The rise of the new Know-Nothings

So you think the Great Republican Revolt of 2015 is an uprising of conservatives?

Don't kid yourself.

It's a movement of populists- and to a great extent, as the Trump phenomenon shows, of Know Nothings. Granted, there are security concerns involved in the general revulsion against undocumented immigration from Mexico and refugees from Syria and other countries with large Muslim populations. But it would be absurd not to recognize that there is also the same kind of nativism and prejudice that once led to signs reading "NO IRISH NEED APPLY" and general antipathy against the immigrant ancestors of many of the very people who are backing Donald Trump now.

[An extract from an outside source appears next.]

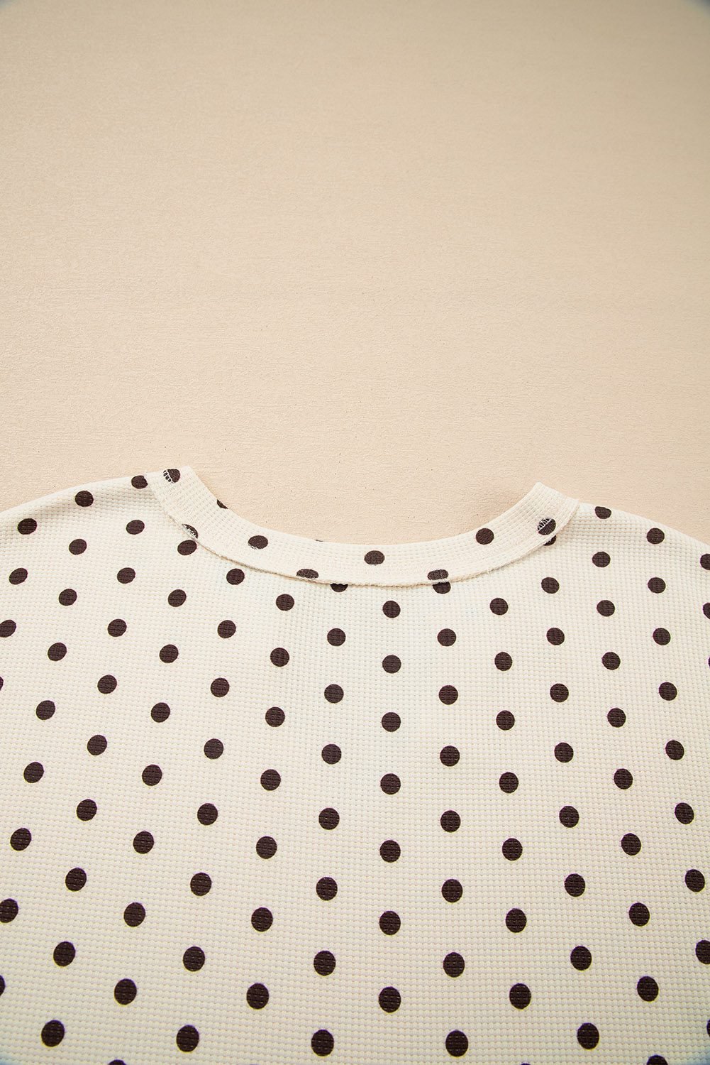 - Cute polka dot waffle knit lounge set brings comfort and charm.

To a not inconsiderable extent, it's a revolt against conservative and libertarian orthodoxy alike. If anything, it's anti-ideological- which explains how somebody with the checkered past and current ideology of Donald Trump can benefit from it.

This is going to be a rough election for the Right. It's an election that should be the Republican party's to lose. Hillary shouldn't have a chance. But at this point, I have a strong hunch that the Great Republican Revolt of 2015 will ultimately benefit Hillary Clinton and nobody else.

It's effectively removed policy from the campaign. Which is how somebody like Trump- who literally changes the subject every time anybody asks for policy specifics and admits to getting his foreign policy and defense policy advice from TV programs- can be dominating the race for an office for which he has not the slightest qualifications and about whose concerns he has not the vaguest clue.